TASK:
Your copy of the data below must be exact and must leave out all pictures.
══ EXTRACTED RECORDS ══
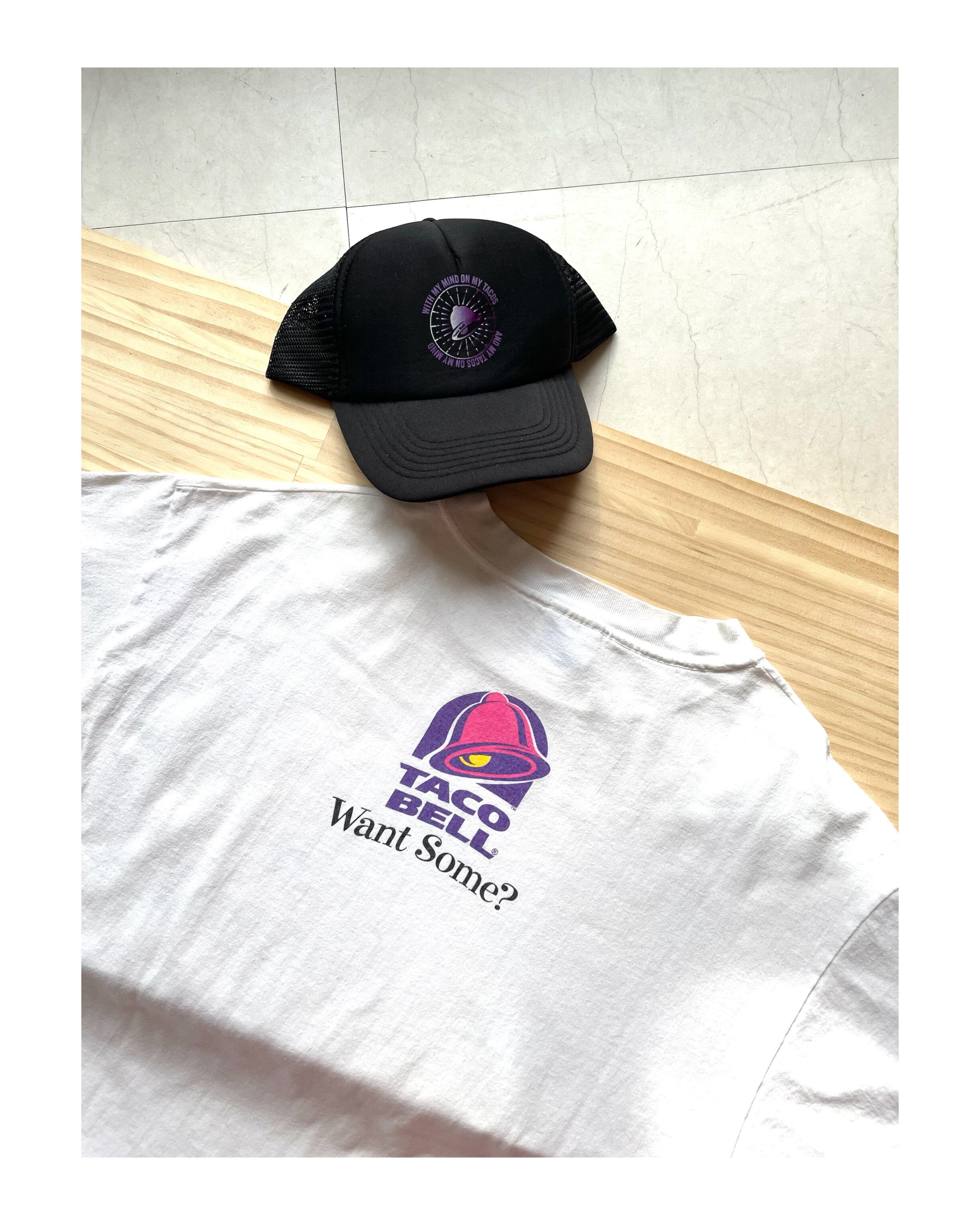 バックにはタコベルの企業ロゴに Want Some? 食べる?と
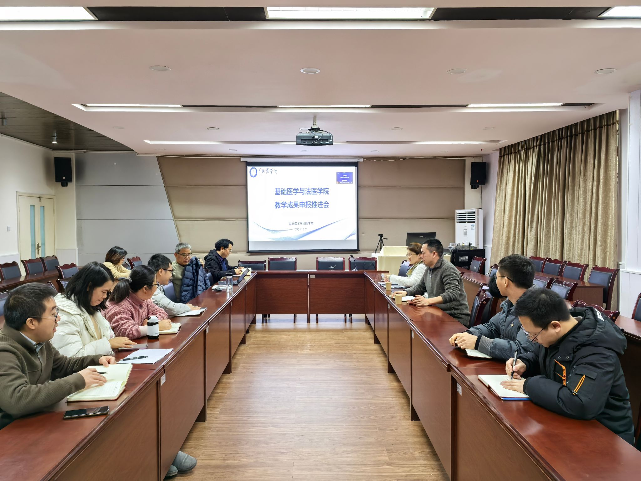 12月25日中午,基础医学与法医学院在学术厅召开了教学成果申报推进会,院系班子成员、学院教学成果申报相关负责人和法医学专业部分教师参加了此次会议,会议由杨健院长主持。
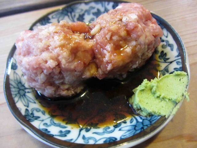 提供されたつくねはタレの中に浮かんだ確かに生のタタキ。
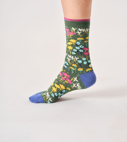 bio katoen mix sokken, 'All Over Floral', Eucalyptus, maat 38-41 (TA 641 C)
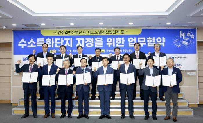 이날 협약식에는 전북특별자치도지사와 완주군수를 비롯해, (사)한국수소연합, 한국가스안전공사, 전북연구원, 전북테크노파크, 경제통상진흥원, 자동차융합기술원, 전북대학교, 국립군산대학교, 우석대학교, 수소에너지고등학교, 현대자동차 전주공장, 일진하이솔루스, 비나텍, 코스텍 등 총 16개의 기관 및 기업이 참여했다.
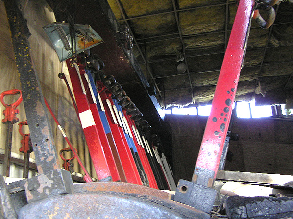 The lever frame of Carterhouse Junction signal box seen on 17 January 2007.
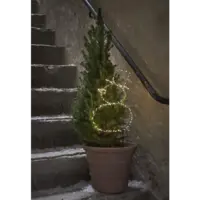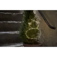 Metallram formad som en snögubbe. Batteridriven utomhusdekoration med timer funktion. Lättplacerad i kruka eller på marken. Ca 35 cm hög med avtagbara markspett. 120 varmvita LED ger ett vacket sken.
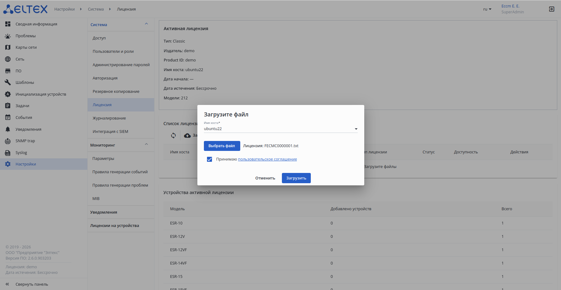 Для инсталляции ключа лицензии перейдите в раздел "Настройки" → "Система" → "Лицензия" и в блоке "Список лицензий" нажмите кнопку "Загрузить". Откроется диалоговое окно мастера активации лицензии.
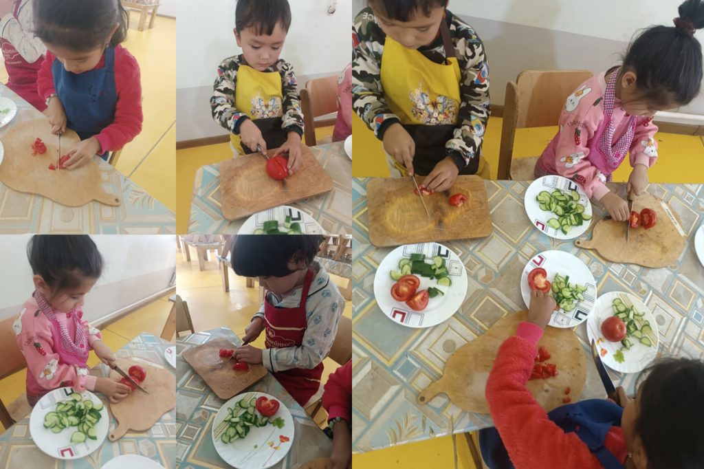 Amaliy qismda tarbiyalanuvchilar pomidor va bodring mahsulotlaridan salat tayyorlashdi. Jarayon davomida bolalarga pichoqdan ehtiyotkorona foydalanish bo‘yicha zarur ko‘rsatmalar berildi va xavfsizlik qoidalari tushuntirildi.
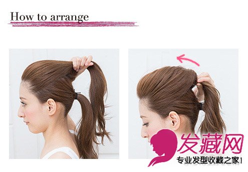 step1:将头发分成上下两部分,下部分绑成马尾。
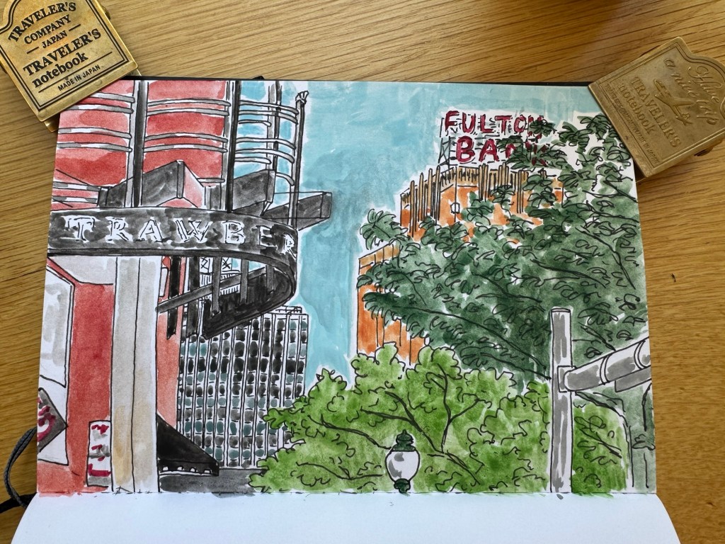 It’s amazing how time flies when sketching. This ink-and-watercolor sketch took up the full two hours that I spent with the city’s urban sketching group.
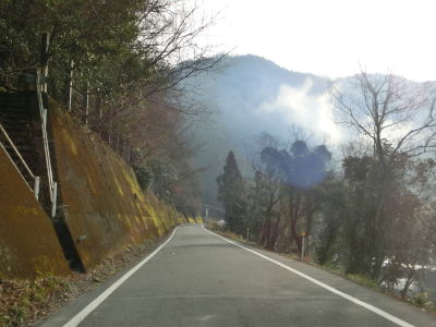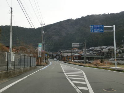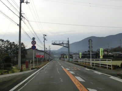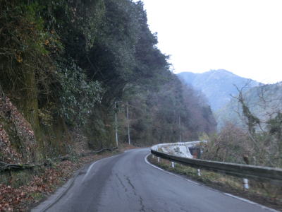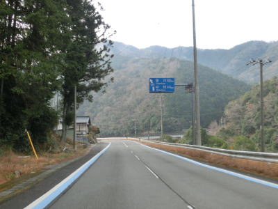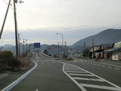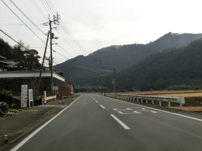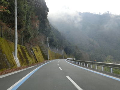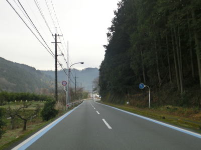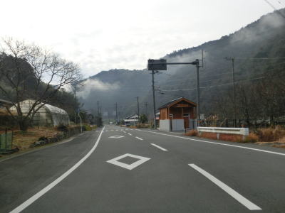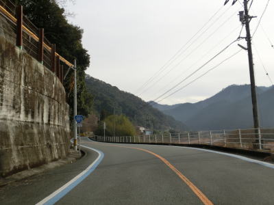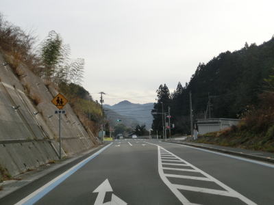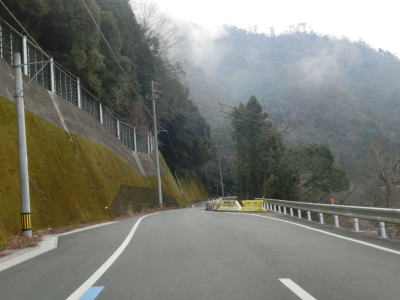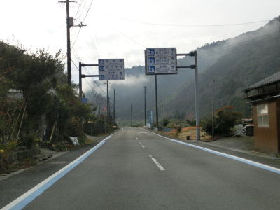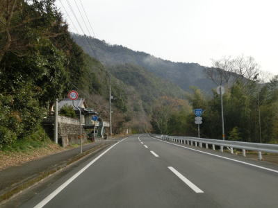 | R381交差点からは2車線道路となり緩やかな勾配を上って行く。交通量は若干増えるが多いと言える程ではない。JR予土線から離れると勾配がやや急になり、右に左にカーブしていると町境を越えて松野町に入る。勾配はそれほど急ではないが、急カーブが多く集落内を通っている事もあってやや走りにくさを感じる。路面に排水用の溝が掘られており、2輪車の走行に注意を促す看板が設置されている。もっとも交通量が多いせいか、轍部分の溝はほとんど残っていなかった。 | ||
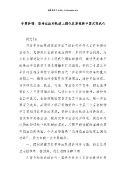 【七哥公文】2024年:专题讲稿:坚持在法治轨道上深化改革推进中国式现代化+更多免费公文+VX:QiGeGongWen2024
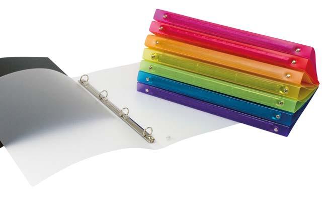 Carpeta de plástico con tapa flexible y con fundas transparentes soldadas al lomo. Tamaño folio. Disponible en colores surtidos.
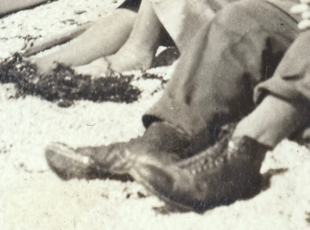 In the second photo, Emilie is barefoot on the beach, but Victor retains his lace-up, leather shoes–sans socks. I’m with Victor on this one. Blue Hill beaches are rock, not sand, and romantic as it is to sit on them barefoot, when you get up to go, you want something on your feet.
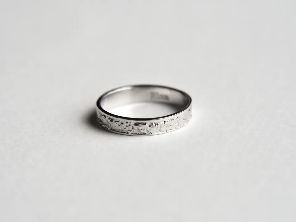 ・コンセプト 「心の内に秘めた光を引き出し、身に纏う人そのものを輝かせたい。」人は誰しも、心にきらりと輝く光を持っています。その光は、人それぞれに形が異なるからこそ美しく、素晴らしい。Rinnは、心に宿る光に寄り添うように、身につける人そのものを輝かせるジュエリーを提供しております。 「毎日身につけても壊れにくく、時を重ねるとともに肌に馴染んでいくようなジュエリーを」 Rinnは身につける人の肌と生活に馴染むジュエリーを提供しております。 ・デザイン 「他になく、永く愛されるデザインを。」 ジュエリーのデザインは、日常に溶け込んだささやかな美しさから生まれます。 例えば揺らめく布の柔らかさに触れた時や、朝陽が昇る瞬間に霞んでいたものが透き通って見えた時、感じ取った自然の美しさがジュエリーの形になっていきます。 そこへクラシカルな要素を取り入れることで、"Rinnにしかないデザイン"を意識いたしました。 お客様の生活に寄り添い続けるために、永く愛され続けるデザインにこだわりました。 そこには「親から子へと、時代を超えて受け継がれていって欲しい」という想いも込めております。どんな人にもどんな装いにも、しっくりと馴染み続けていくよう願いを込めてジュエリーを製作しております。 ・アイテム 古くからあるプレーンなリングの中央に、有機的なテクスチャーをつけました。 フラットなデザインですので、普段使いに適しております。
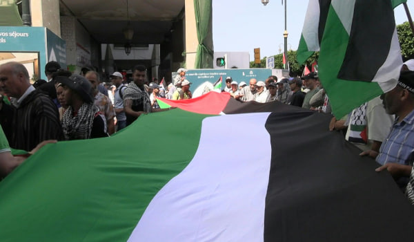 Antara slogan yang dilaungkan ialah “Gaza dibedil, satu penghinaan!”, “Buka sekatan!”, “Maghribi dan Palestin, satu bangsa!” serta “Tolak normalisasi!”.
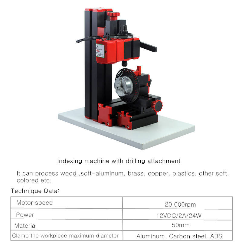 Indexing machine with drilling attachment Technique Data: 1) Motor speed: 20,000rpm 2) Power: 12VDC/2A/24W, 3)three-jaw chuck to clamp the workpiece maximum diameter of 50mm 4) Material: Aluminum, Carbon steel, ABS 5) it can process wood ,soft-aluminum, brass, copper, plastics, other soft, colored etc.
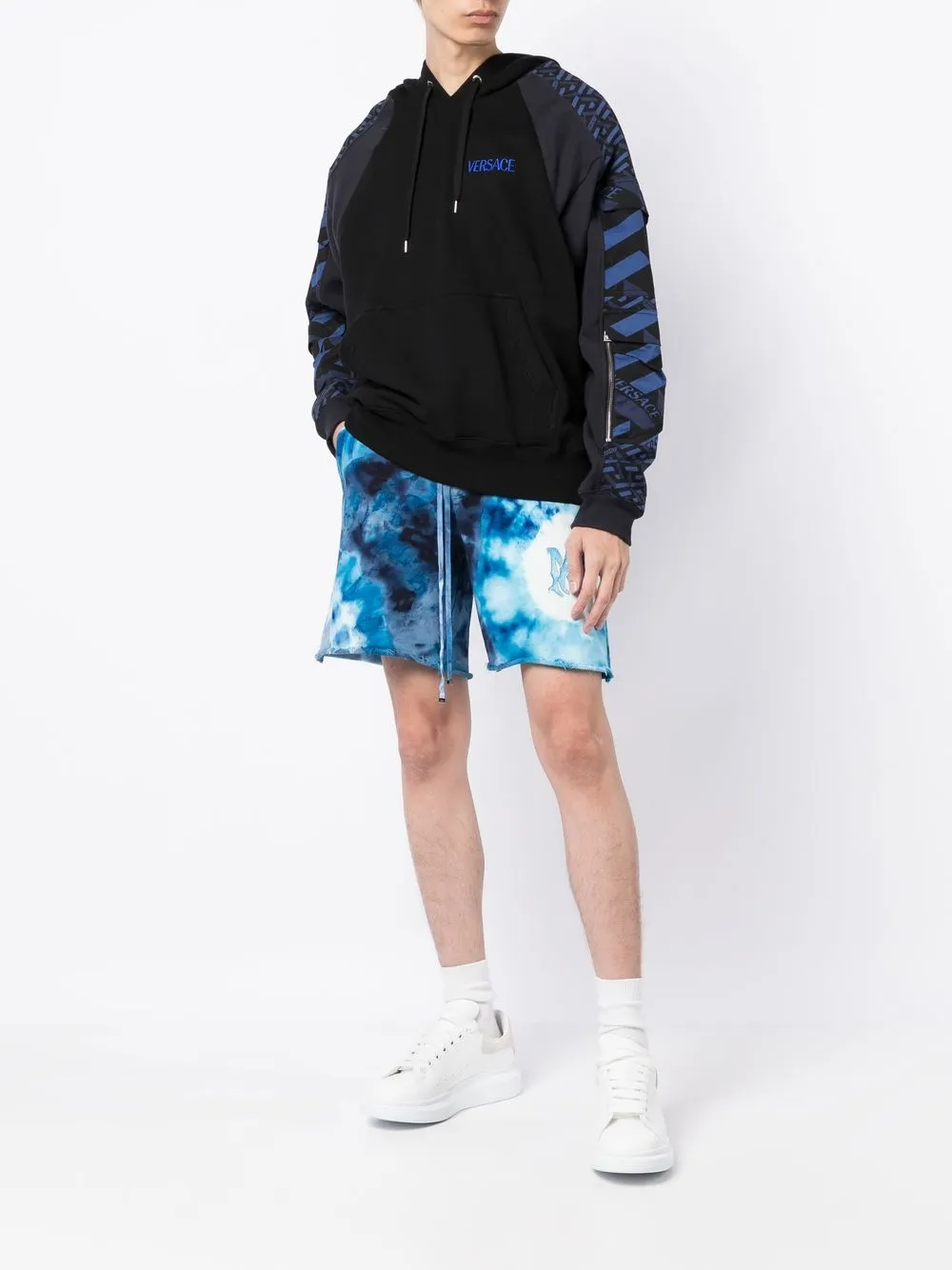블루, 화이트, 코튼, 신축성이 좋은 저지 니트, 타이다이 패턴, 뒷면의 로고 패치, 마감 처리를 하지 않은 밑단, 신축성 있는 드로스트링 허리 밴드, 옆면에 있는 두 개의 포켓, 뒷면의 패치 포켓.
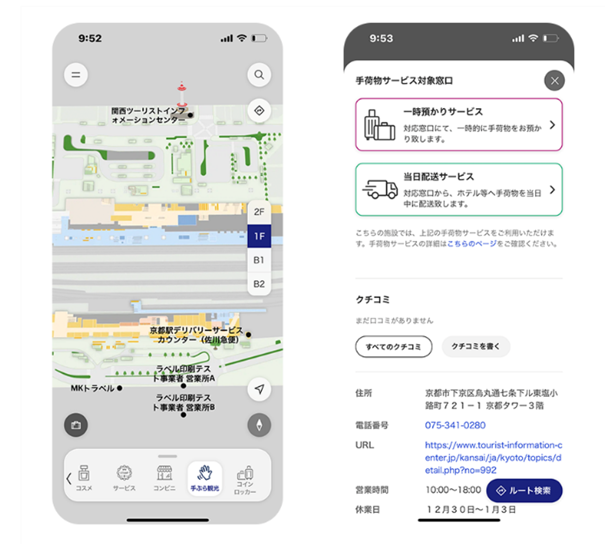 10月21日から「京都観光デジタルマップ(京スマ)」と「京都駅デジタルマップ(駅スマ)」で、手ぶら観光サービスの事前予約ができるようになりました。このサービスを使えば、観光前に荷物を預けたり、宿泊先まで当日中に荷物を届けてもらうことができ、重い荷物を持たずに身軽に観光を楽しめます。
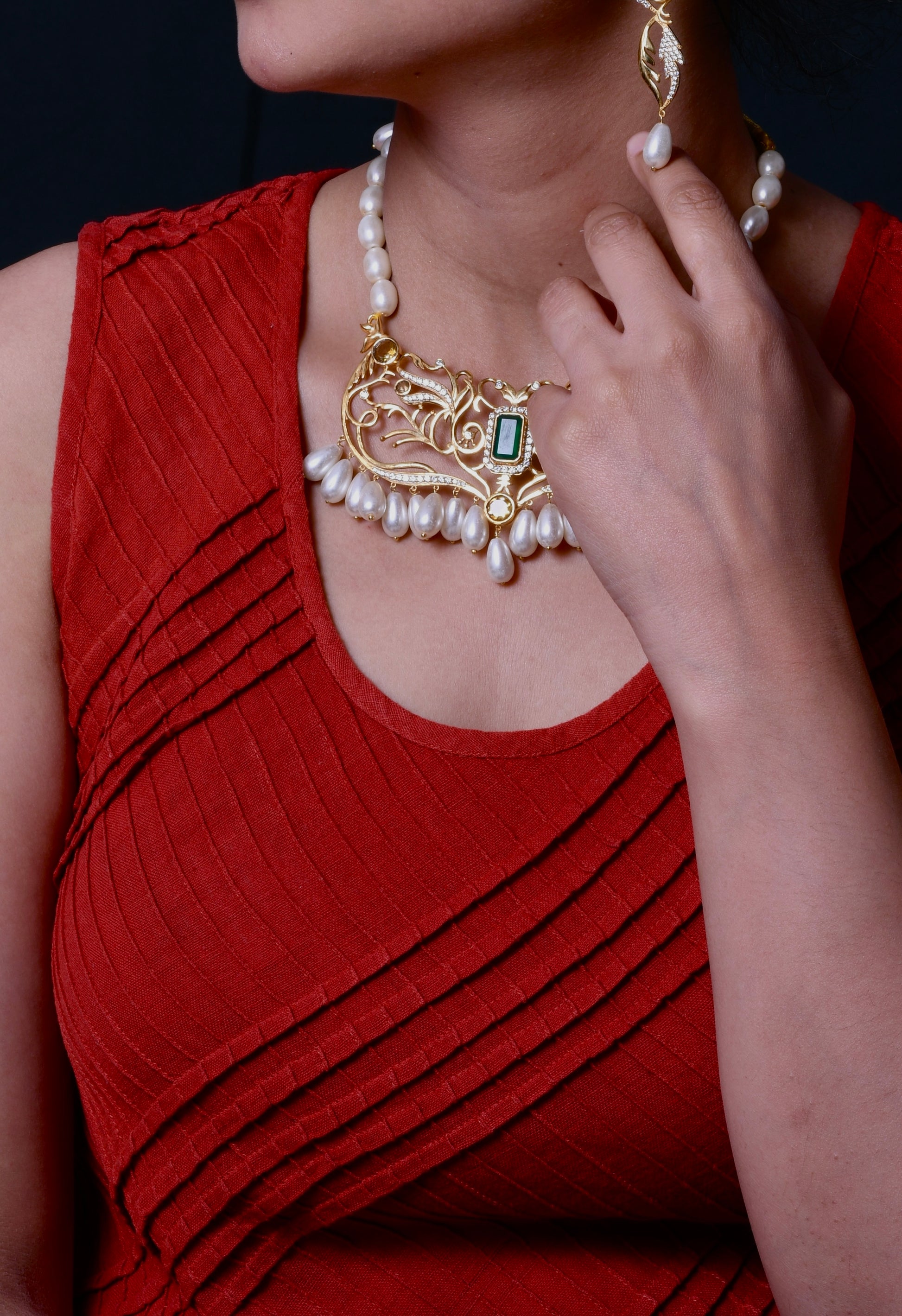 22 kt gold plated brass; zircon stones; semi-precious stones; pearls
═══
EXERCISE SOLUTION:
 バックにはタコベルの企業ロゴに Want Some? 食べる?と
 12月25日中午,基础医学与法医学院在学术厅召开了教学成果申报推进会,院系班子成员、学院教学成果申报相关负责人和法医学专业部分教师参加了此次会议,会议由杨健院长主持。
 提供されたつくねはタレの中に浮かんだ確かに生のタタキ。
 bio katoen mix sokken, 'All Over Floral', Eucalyptus, maat 38-41 (TA 641 C)
 이날 협약식에는 전북특별자치도지사와 완주군수를 비롯해, (사)한국수소연합, 한국가스안전공사, 전북연구원, 전북테크노파크, 경제통상진흥원, 자동차융합기술원, 전북대학교, 국립군산대학교, 우석대학교, 수소에너지고등학교, 현대자동차 전주공장, 일진하이솔루스, 비나텍, 코스텍 등 총 16개의 기관 및 기업이 참여했다.
 The lever frame of Carterhouse Junction signal box seen on 17 January 2007.
 Metallram formad som en snögubbe. Batteridriven utomhusdekoration med timer funktion. Lättplacerad i kruka eller på marken. Ca 35 cm hög med avtagbara markspett. 120 varmvita LED ger ett vacket sken.
 Для инсталляции ключа лицензии перейдите в раздел "Настройки" → "Система" → "Лицензия" и в блоке "Список лицензий" нажмите кнопку "Загрузить". Откроется диалоговое окно мастера активации лицензии.
 Amaliy qismda tarbiyalanuvchilar pomidor va bodring mahsulotlaridan salat tayyorlashdi. Jarayon davomida bolalarga pichoqdan ehtiyotkorona foydalanish bo‘yicha zarur ko‘rsatmalar berildi va xavfsizlik qoidalari tushuntirildi.
 step1:将头发分成上下两部分,下部分绑成马尾。
 It’s amazing how time flies when sketching. This ink-and-watercolor sketch took up the full two hours that I spent with the city’s urban sketching group.
 | R381交差点からは2車線道路となり緩やかな勾配を上って行く。交通量は若干増えるが多いと言える程ではない。JR予土線から離れると勾配がやや急になり、右に左にカーブしていると町境を越えて松野町に入る。勾配はそれほど急ではないが、急カーブが多く集落内を通っている事もあってやや走りにくさを感じる。路面に排水用の溝が掘られており、2輪車の走行に注意を促す看板が設置されている。もっとも交通量が多いせいか、轍部分の溝はほとんど残っていなかった。 | ||
 【七哥公文】2024年:专题讲稿:坚持在法治轨道上深化改革推进中国式现代化+更多免费公文+VX:QiGeGongWen2024
 Carpeta de plástico con tapa flexible y con fundas transparentes soldadas al lomo. Tamaño folio. Disponible en colores surtidos.
 In the second photo, Emilie is barefoot on the beach, but Victor retains his lace-up, leather shoes–sans socks. I’m with Victor on this one. Blue Hill beaches are rock, not sand, and romantic as it is to sit on them barefoot, when you get up to go, you want something on your feet.
 ・コンセプト 「心の内に秘めた光を引き出し、身に纏う人そのものを輝かせたい。」人は誰しも、心にきらりと輝く光を持っています。その光は、人それぞれに形が異なるからこそ美しく、素晴らしい。Rinnは、心に宿る光に寄り添うように、身につける人そのものを輝かせるジュエリーを提供しております。 「毎日身につけても壊れにくく、時を重ねるとともに肌に馴染んでいくようなジュエリーを」 Rinnは身につける人の肌と生活に馴染むジュエリーを提供しております。 ・デザイン 「他になく、永く愛されるデザインを。」 ジュエリーのデザインは、日常に溶け込んだささやかな美しさから生まれます。 例えば揺らめく布の柔らかさに触れた時や、朝陽が昇る瞬間に霞んでいたものが透き通って見えた時、感じ取った自然の美しさがジュエリーの形になっていきます。 そこへクラシカルな要素を取り入れることで、"Rinnにしかないデザイン"を意識いたしました。 お客様の生活に寄り添い続けるために、永く愛され続けるデザインにこだわりました。 そこには「親から子へと、時代を超えて受け継がれていって欲しい」という想いも込めております。どんな人にもどんな装いにも、しっくりと馴染み続けていくよう願いを込めてジュエリーを製作しております。 ・アイテム 古くからあるプレーンなリングの中央に、有機的なテクスチャーをつけました。 フラットなデザインですので、普段使いに適しております。
 Antara slogan yang dilaungkan ialah “Gaza dibedil, satu penghinaan!”, “Buka sekatan!”, “Maghribi dan Palestin, satu bangsa!” serta “Tolak normalisasi!”.
 Indexing machine with drilling attachment Technique Data: 1) Motor speed: 20,000rpm 2) Power: 12VDC/2A/24W, 3)three-jaw chuck to clamp the workpiece maximum diameter of 50mm 4) Material: Aluminum, Carbon steel, ABS 5) it can process wood ,soft-aluminum, brass, copper, plastics, other soft, colored etc.
블루, 화이트, 코튼, 신축성이 좋은 저지 니트, 타이다이 패턴, 뒷면의 로고 패치, 마감 처리를 하지 않은 밑단, 신축성 있는 드로스트링 허리 밴드, 옆면에 있는 두 개의 포켓, 뒷면의 패치 포켓.
 10月21日から「京都観光デジタルマップ(京スマ)」と「京都駅デジタルマップ(駅スマ)」で、手ぶら観光サービスの事前予約ができるようになりました。このサービスを使えば、観光前に荷物を預けたり、宿泊先まで当日中に荷物を届けてもらうことができ、重い荷物を持たずに身軽に観光を楽しめます。
 22 kt gold plated brass; zircon stones; semi-precious stones; pearls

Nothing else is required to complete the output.